Every major LLM provider bills by the token — a chunk of text roughly ¾ of a word in English. You pay separately for input tokens (everything you send: system prompt, retrieved context and the user message) and output tokens (what the model writes back). Output is typically priced two to five times higher than input, which is why concise responses save real money at scale.

The formula

cost_per_request = (input_tokens  / 1,000,000) × input_price_per_M
                 + (output_tokens / 1,000,000) × output_price_per_M
cost_per_period  = cost_per_request × requests_in_period

What moves the number

Prompt caching. If you reuse a long prefix (a big system prompt, a fixed knowledge base), many providers bill those cached tokens at a fraction of the normal input price.
Batch mode. Non-interactive workloads submitted in bulk often get a flat discount (commonly 0.5×) in exchange for slower, asynchronous delivery.
Context tiers. Some providers raise the per-token price once a request exceeds a context threshold. The dataset supports tiered pricing for exactly this case.
Self-hosting. Open-weight models on your own GPUs change the equation entirely: you trade per-token fees for fixed infrastructure cost and operational work. See our self-hosted cost breakdown.

Frequently asked questions

How are LLM API costs calculated?

Providers bill per million tokens, separately for input (your prompt) and output (the model's response). Cost per request = (input tokens / 1,000,000 × input price) + (output tokens / 1,000,000 × output price). Multiply by your request volume for the period.

What is the difference between input and output tokens?

Input tokens are everything you send to the model — system prompt, context and user message.
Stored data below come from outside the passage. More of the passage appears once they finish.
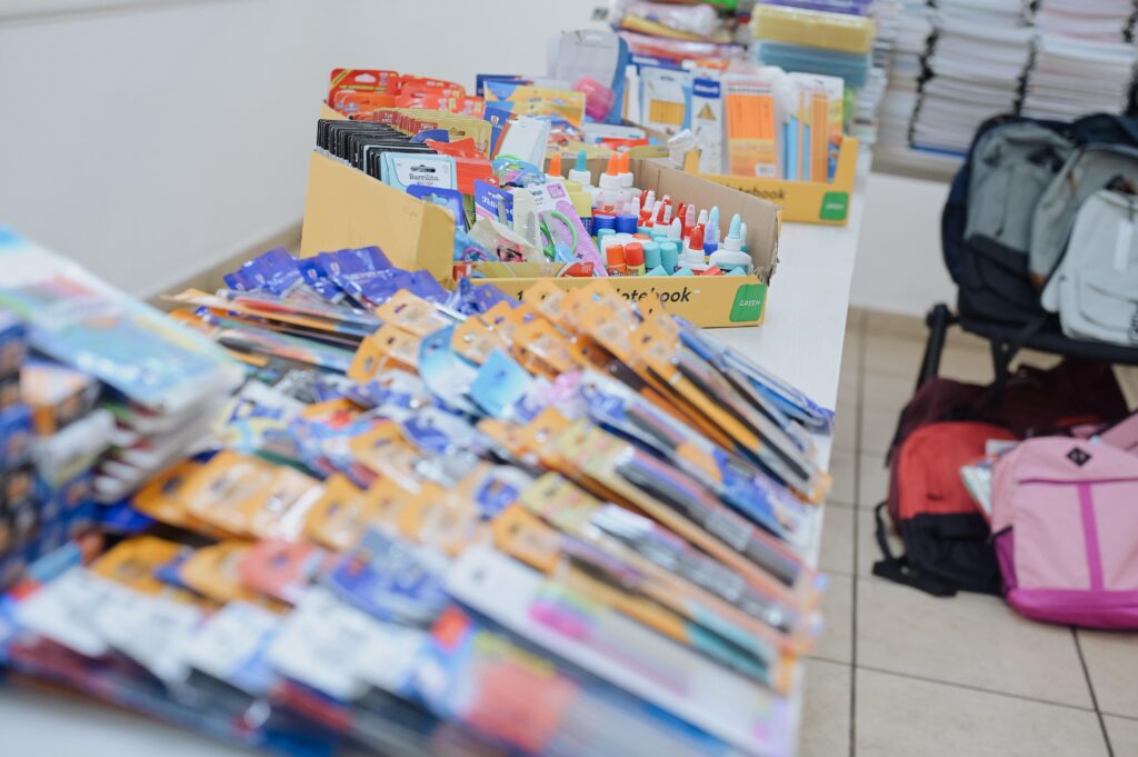 Fueron 3 mil 583 artículos, entre cuadernos, paquetes de hojas, paquetes de lápices, paquetes de plumas, colores, crayolas, plastilinas, tijeras, sacapuntas, borradores, pegamentos, calculadoras, lapiceras, mochilas, juegos de reglas, cajas del clips, cintas adhesivas y acuarelas.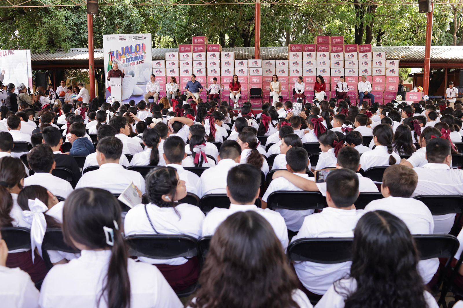 Desde la Escuela Secundaria Técnica No. 5, donde puso en marcha el Programa Jalo a Estudiar, Jalo por la Paz, el mandatario señaló que se trata del tercer año consecutivo en el que el Gobierno estatal dota de calzado de piel a jóvenes de todas las secundarias y telesecundarias, con una inversión de 92.8 millones de pesos.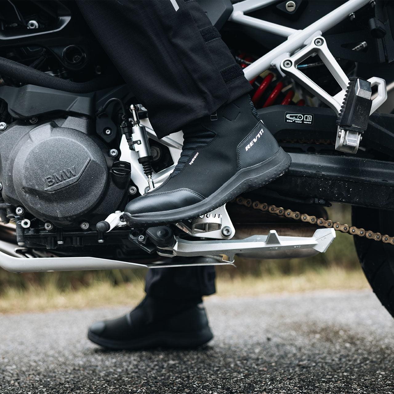 No temas a las condiciones meteorológicas adversas y ve más lejos en tu próxima aventura porque las botas de moto Risco H2O te respaldan con comodidad y estilo.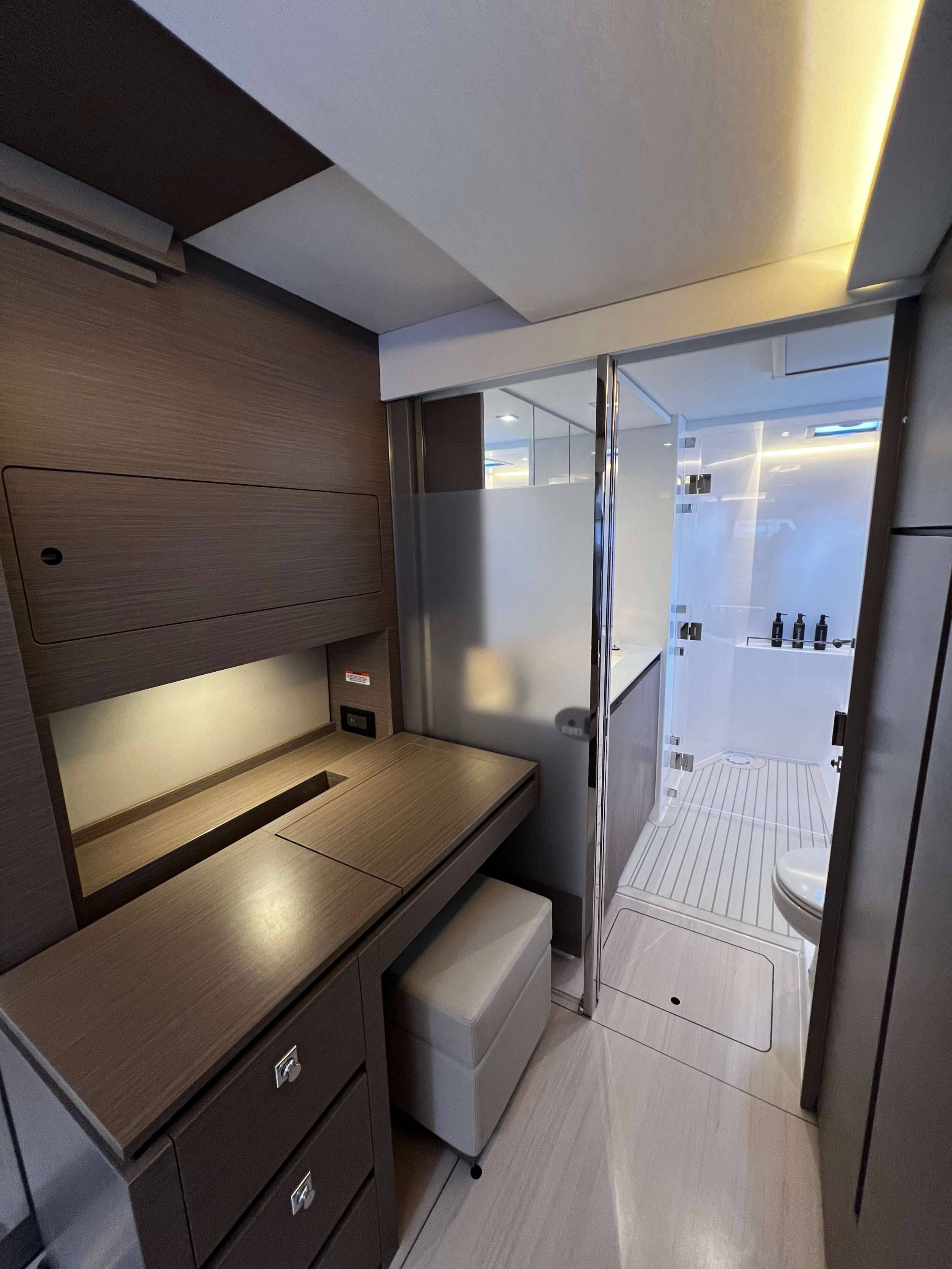Cabin Access: Guests use both aft cabins and one forward cabin; crew occupies the other forward cabin

Output tokens are what the model generates. Output is usually priced several times higher than input, so response length matters a lot for cost.
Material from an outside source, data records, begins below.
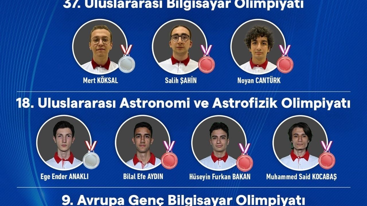 Bakan Kacır, sosyal medya hesabından yaptığı paylaşım ile 32’nci Balkan Bilgisayar Olimpiyatı, 37’nci Uluslararası Bilgisayar Olimpiyatı, 18’inci Uluslararası Astronomi ve Astrofizik Olimpiyatı ile 9’uncu Avrupa Genç Bilgisayar Olimpiyatlarında altın, gümüş ve bronz madalya alan öğrencileri tebrik etti. Kacır, yarışmaların toplamında öğrencilerin 1 altın, 3 gümüş, 8 bronz madalya olmak üzere 12 madalya kazandığını açıkladı.
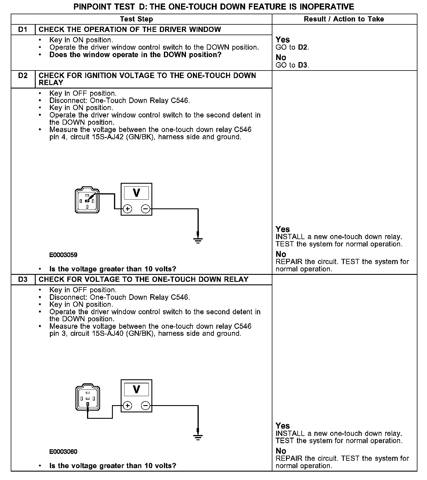 PINPOINT TEST D: THE ONE-TOUCH DOWN FEATURE IS INOPERATIVE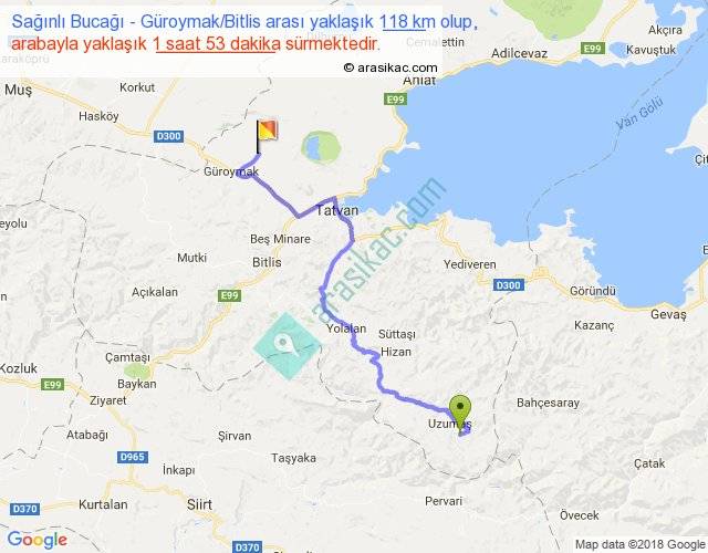Sağınlı Bucağı - Güroymak Bitlis arası yaklaşık olarak 90 km/h ile yukarıda belirtilen sürede olup, iki yerin kuş uçuşu uzaklığı (mesafesi) 74'dir. Yolculuk otobüsle 2 saat 26 dakika sürmektedir.

Does prompt caching reduce cost?

Yes, where supported. Repeated prompt prefixes (e.g. a long system prompt) can be billed at a steep discount. The calculator lets you set what share of input tokens are cached.

Why do prices vary so much between providers?

Model size, hardware efficiency, context window, and business strategy all play a part. Frontier reasoning models cost the most; fast/cheap and open-weight self-hosted options can be orders of magnitude cheaper for suitable tasks.